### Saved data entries
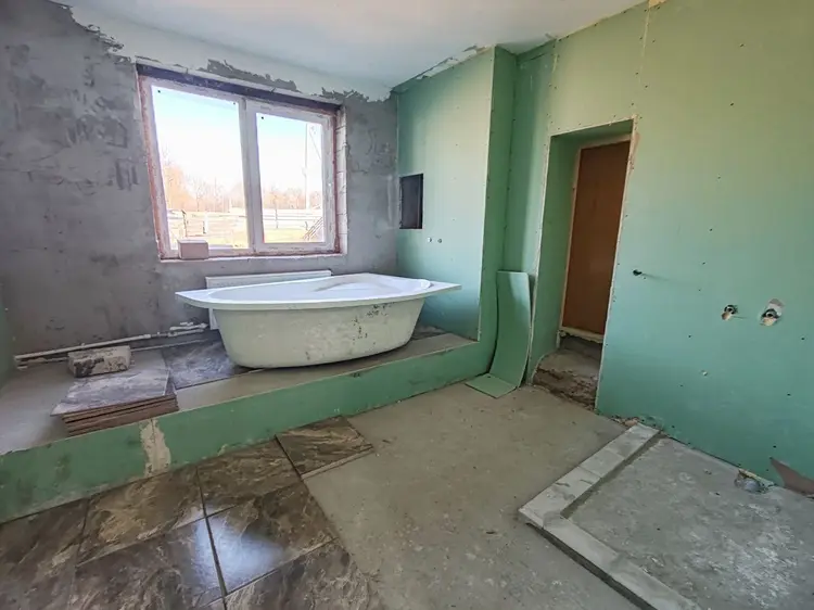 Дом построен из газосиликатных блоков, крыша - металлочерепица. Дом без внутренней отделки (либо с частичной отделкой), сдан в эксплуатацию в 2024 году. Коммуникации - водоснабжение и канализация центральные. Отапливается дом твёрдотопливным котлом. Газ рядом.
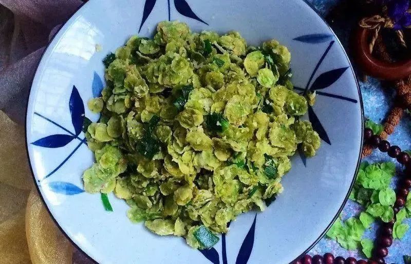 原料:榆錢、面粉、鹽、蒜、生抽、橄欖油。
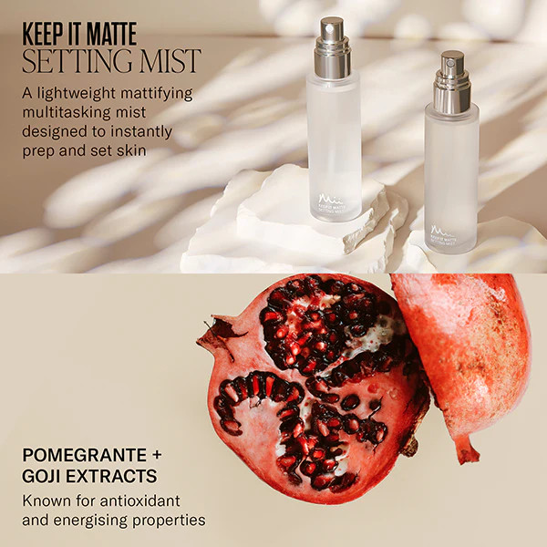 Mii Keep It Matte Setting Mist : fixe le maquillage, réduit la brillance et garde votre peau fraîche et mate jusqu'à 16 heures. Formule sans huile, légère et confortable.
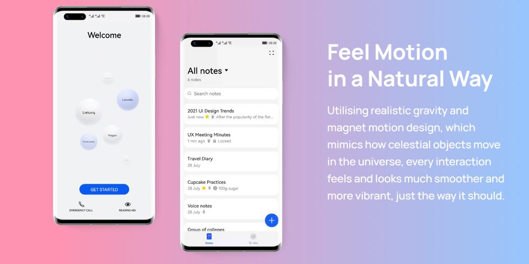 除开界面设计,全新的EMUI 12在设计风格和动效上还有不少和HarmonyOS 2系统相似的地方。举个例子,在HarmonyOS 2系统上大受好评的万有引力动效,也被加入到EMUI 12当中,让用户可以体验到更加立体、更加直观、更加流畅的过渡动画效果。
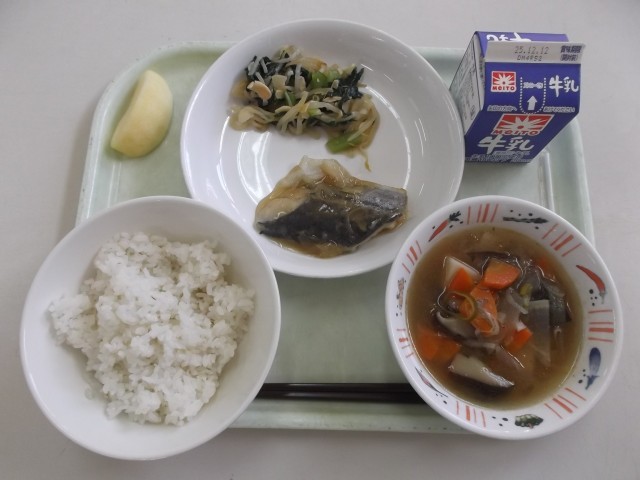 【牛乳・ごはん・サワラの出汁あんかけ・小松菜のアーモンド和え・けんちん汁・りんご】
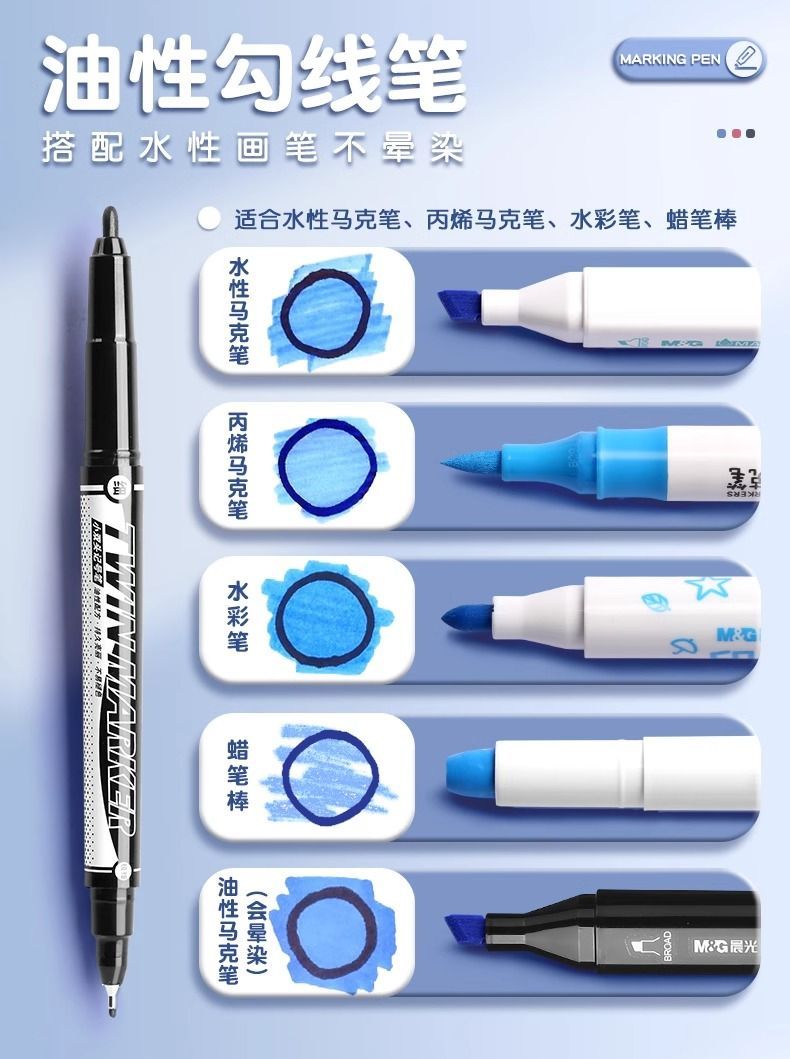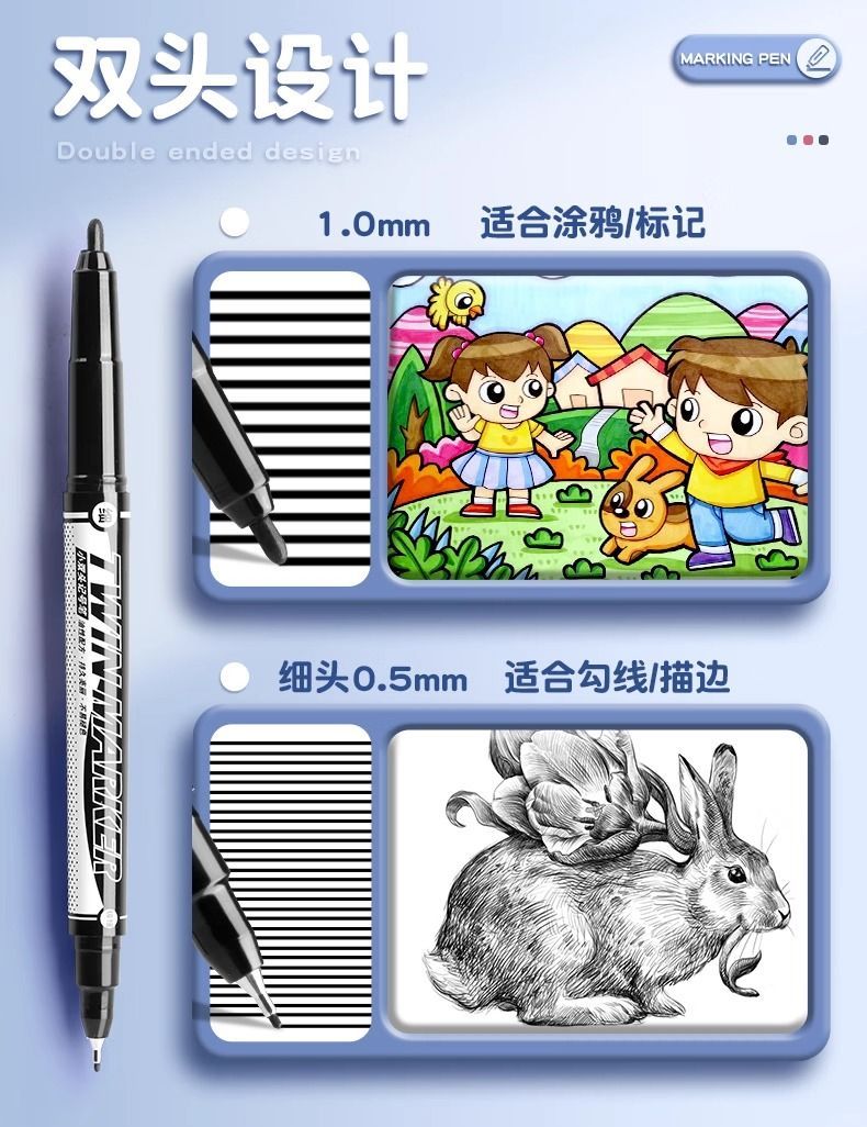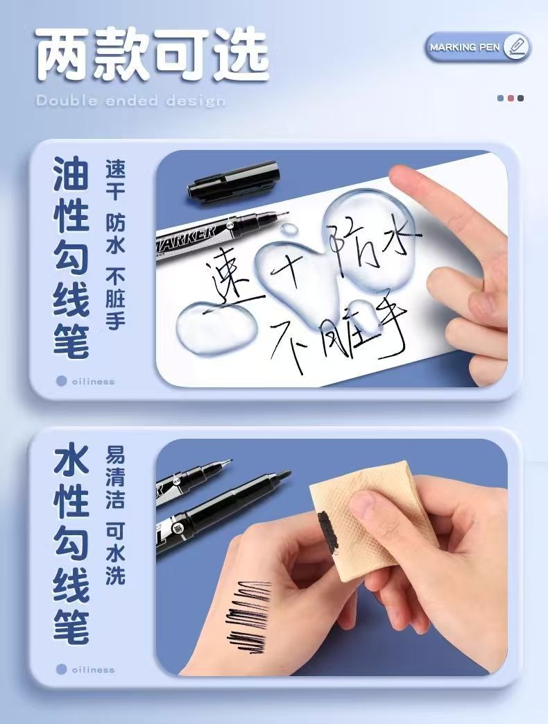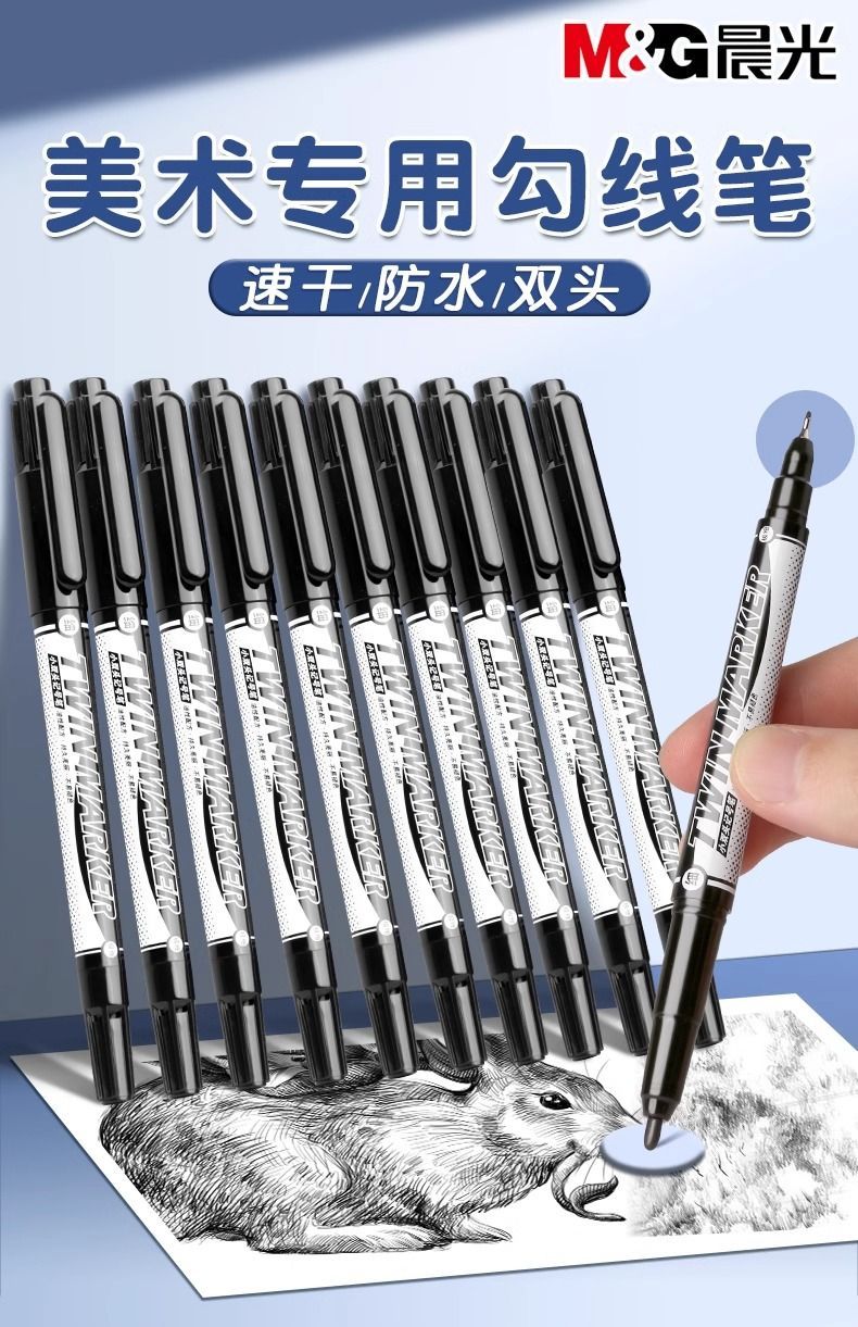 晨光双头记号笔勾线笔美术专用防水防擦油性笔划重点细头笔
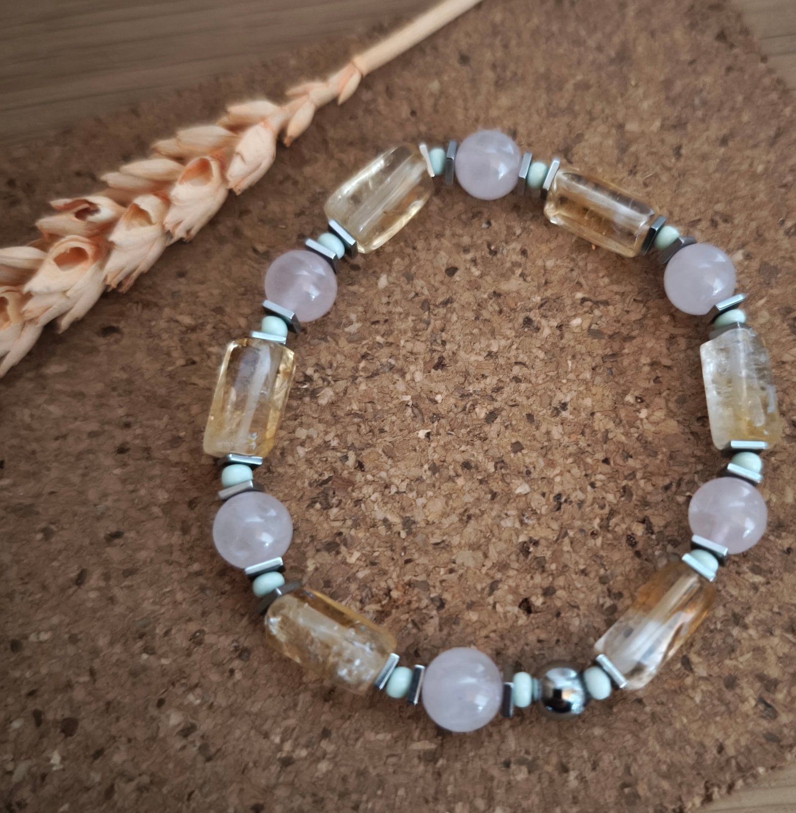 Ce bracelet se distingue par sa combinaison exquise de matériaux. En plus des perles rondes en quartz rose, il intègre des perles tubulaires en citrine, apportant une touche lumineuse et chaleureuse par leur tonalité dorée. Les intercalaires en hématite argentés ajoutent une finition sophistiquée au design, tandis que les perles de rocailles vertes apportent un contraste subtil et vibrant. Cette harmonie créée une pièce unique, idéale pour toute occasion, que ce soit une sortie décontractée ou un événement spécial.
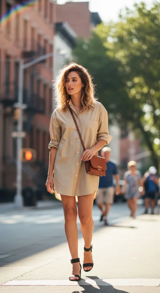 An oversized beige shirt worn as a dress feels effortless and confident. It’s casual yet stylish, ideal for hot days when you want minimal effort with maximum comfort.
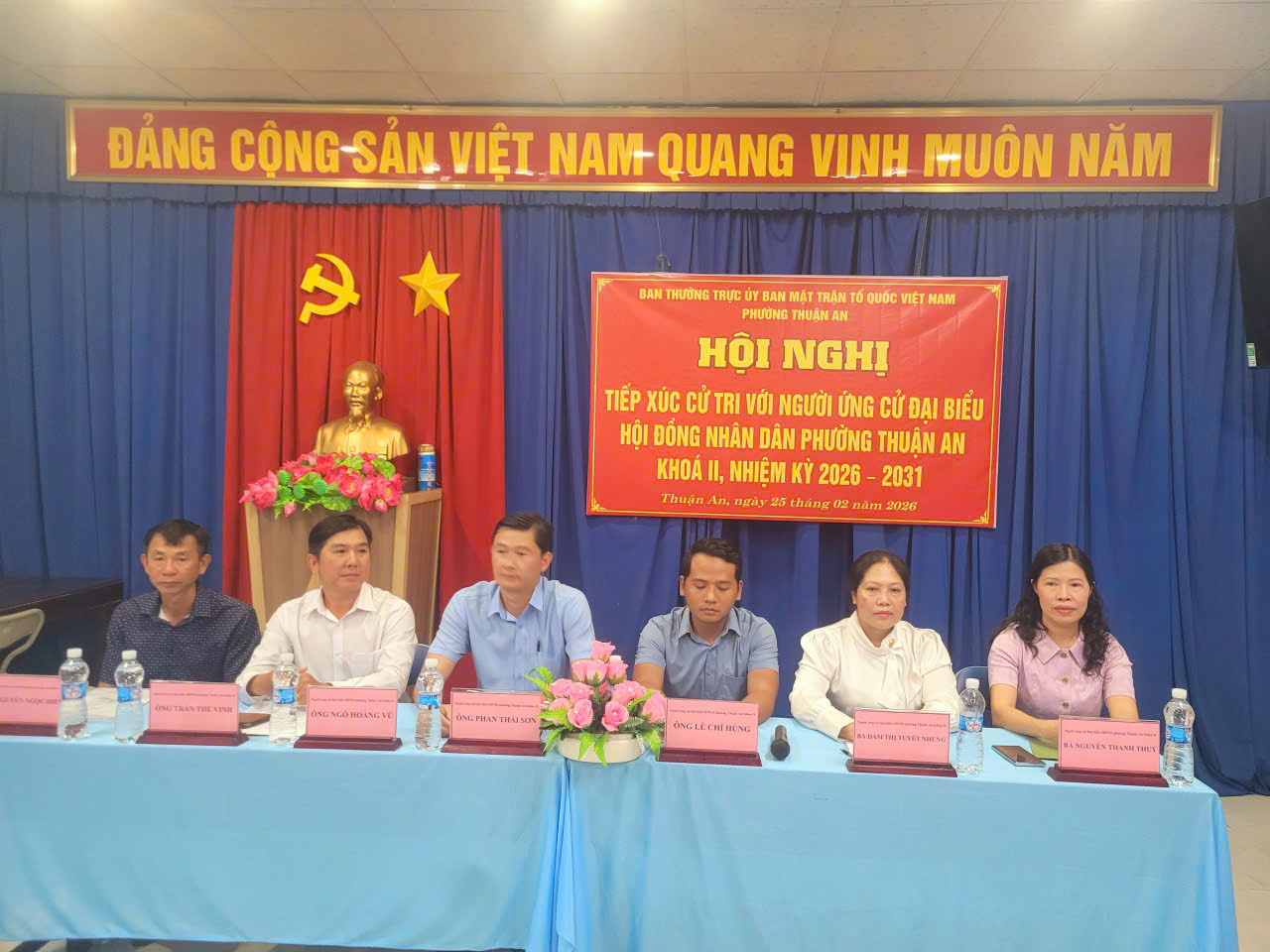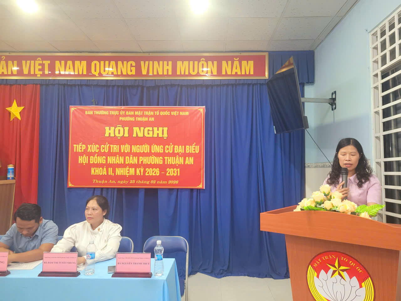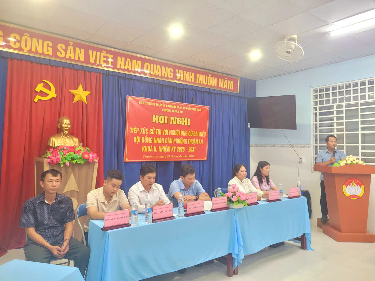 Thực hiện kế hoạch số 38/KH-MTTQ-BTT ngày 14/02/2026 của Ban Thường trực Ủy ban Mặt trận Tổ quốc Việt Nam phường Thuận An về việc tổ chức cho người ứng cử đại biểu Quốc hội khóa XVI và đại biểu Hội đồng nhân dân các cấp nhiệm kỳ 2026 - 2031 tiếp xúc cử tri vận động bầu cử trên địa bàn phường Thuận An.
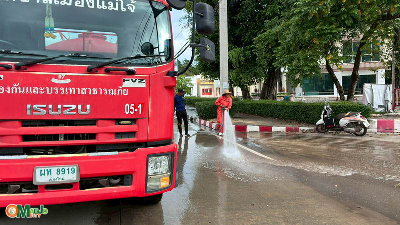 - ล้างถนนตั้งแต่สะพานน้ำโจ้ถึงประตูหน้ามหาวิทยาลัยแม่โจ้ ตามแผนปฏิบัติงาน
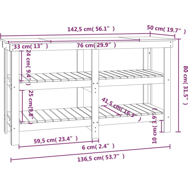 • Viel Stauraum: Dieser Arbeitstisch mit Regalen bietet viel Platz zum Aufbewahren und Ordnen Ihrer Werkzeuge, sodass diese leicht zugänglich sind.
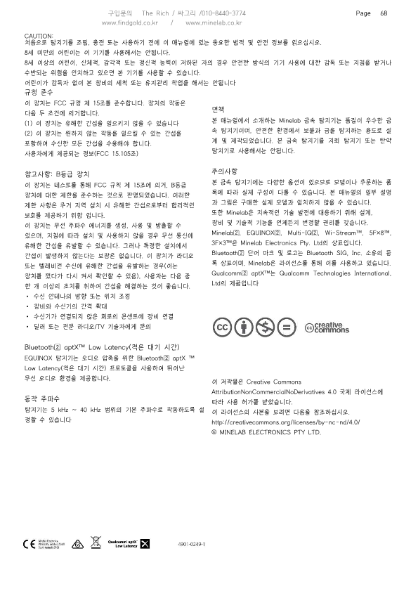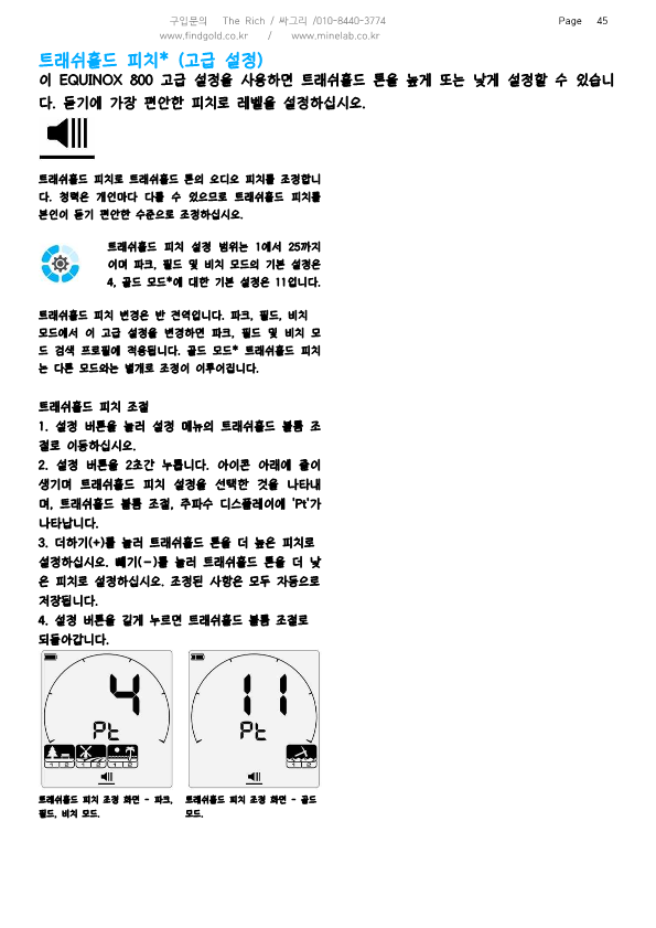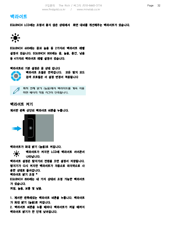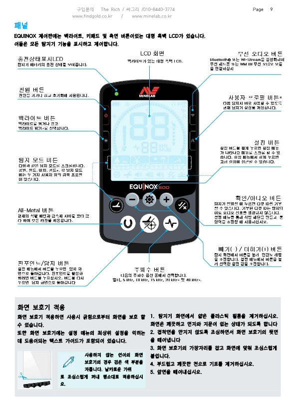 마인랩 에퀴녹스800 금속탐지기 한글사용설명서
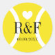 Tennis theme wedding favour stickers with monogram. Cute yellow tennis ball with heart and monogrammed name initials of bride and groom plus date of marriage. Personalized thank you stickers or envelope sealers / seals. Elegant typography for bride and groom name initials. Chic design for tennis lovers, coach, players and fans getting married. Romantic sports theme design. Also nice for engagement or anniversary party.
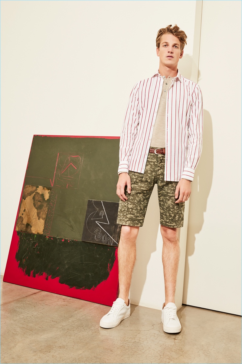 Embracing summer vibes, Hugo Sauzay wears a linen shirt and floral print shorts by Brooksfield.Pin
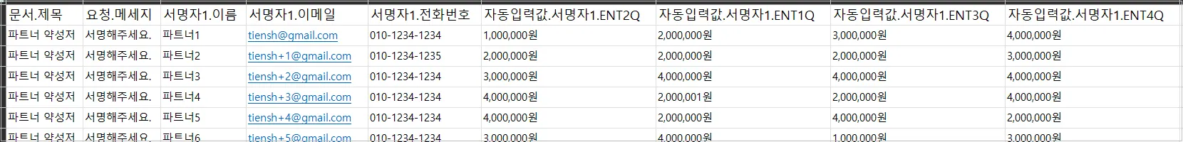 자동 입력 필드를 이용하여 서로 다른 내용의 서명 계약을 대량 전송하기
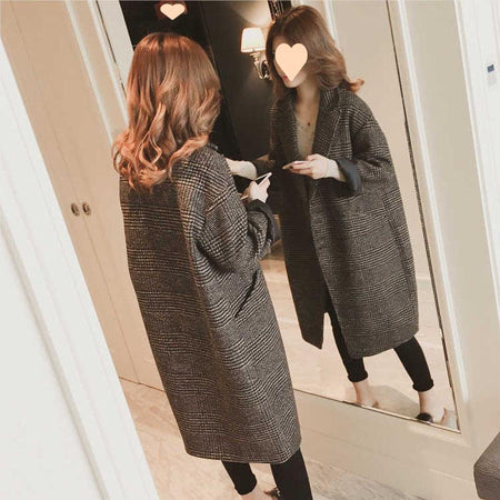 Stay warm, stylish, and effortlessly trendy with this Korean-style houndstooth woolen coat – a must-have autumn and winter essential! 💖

### What to work on
Please retype the records above exactly, but leave out any pictures.

### Response to the exercise
 Дом построен из газосиликатных блоков, крыша - металлочерепица. Дом без внутренней отделки (либо с частичной отделкой), сдан в эксплуатацию в 2024 году. Коммуникации - водоснабжение и канализация центральные. Отапливается дом твёрдотопливным котлом. Газ рядом.
 原料:榆錢、面粉、鹽、蒜、生抽、橄欖油。
 Mii Keep It Matte Setting Mist : fixe le maquillage, réduit la brillance et garde votre peau fraîche et mate jusqu'à 16 heures. Formule sans huile, légère et confortable.
 除开界面设计,全新的EMUI 12在设计风格和动效上还有不少和HarmonyOS 2系统相似的地方。举个例子,在HarmonyOS 2系统上大受好评的万有引力动效,也被加入到EMUI 12当中,让用户可以体验到更加立体、更加直观、更加流畅的过渡动画效果。
 【牛乳・ごはん・サワラの出汁あんかけ・小松菜のアーモンド和え・けんちん汁・りんご】
 晨光双头记号笔勾线笔美术专用防水防擦油性笔划重点细头笔
 Ce bracelet se distingue par sa combinaison exquise de matériaux. En plus des perles rondes en quartz rose, il intègre des perles tubulaires en citrine, apportant une touche lumineuse et chaleureuse par leur tonalité dorée. Les intercalaires en hématite argentés ajoutent une finition sophistiquée au design, tandis que les perles de rocailles vertes apportent un contraste subtil et vibrant. Cette harmonie créée une pièce unique, idéale pour toute occasion, que ce soit une sortie décontractée ou un événement spécial.
 An oversized beige shirt worn as a dress feels effortless and confident. It’s casual yet stylish, ideal for hot days when you want minimal effort with maximum comfort.
 Thực hiện kế hoạch số 38/KH-MTTQ-BTT ngày 14/02/2026 của Ban Thường trực Ủy ban Mặt trận Tổ quốc Việt Nam phường Thuận An về việc tổ chức cho người ứng cử đại biểu Quốc hội khóa XVI và đại biểu Hội đồng nhân dân các cấp nhiệm kỳ 2026 - 2031 tiếp xúc cử tri vận động bầu cử trên địa bàn phường Thuận An.
 - ล้างถนนตั้งแต่สะพานน้ำโจ้ถึงประตูหน้ามหาวิทยาลัยแม่โจ้ ตามแผนปฏิบัติงาน
 • Viel Stauraum: Dieser Arbeitstisch mit Regalen bietet viel Platz zum Aufbewahren und Ordnen Ihrer Werkzeuge, sodass diese leicht zugänglich sind.
 마인랩 에퀴녹스800 금속탐지기 한글사용설명서
 Tennis theme wedding favour stickers with monogram. Cute yellow tennis ball with heart and monogrammed name initials of bride and groom plus date of marriage. Personalized thank you stickers or envelope sealers / seals. Elegant typography for bride and groom name initials. Chic design for tennis lovers, coach, players and fans getting married. Romantic sports theme design. Also nice for engagement or anniversary party.
 Embracing summer vibes, Hugo Sauzay wears a linen shirt and floral print shorts by Brooksfield.Pin
 자동 입력 필드를 이용하여 서로 다른 내용의 서명 계약을 대량 전송하기
 Stay warm, stylish, and effortlessly trendy with this Korean-style houndstooth woolen coat – a must-have autumn and winter essential! 💖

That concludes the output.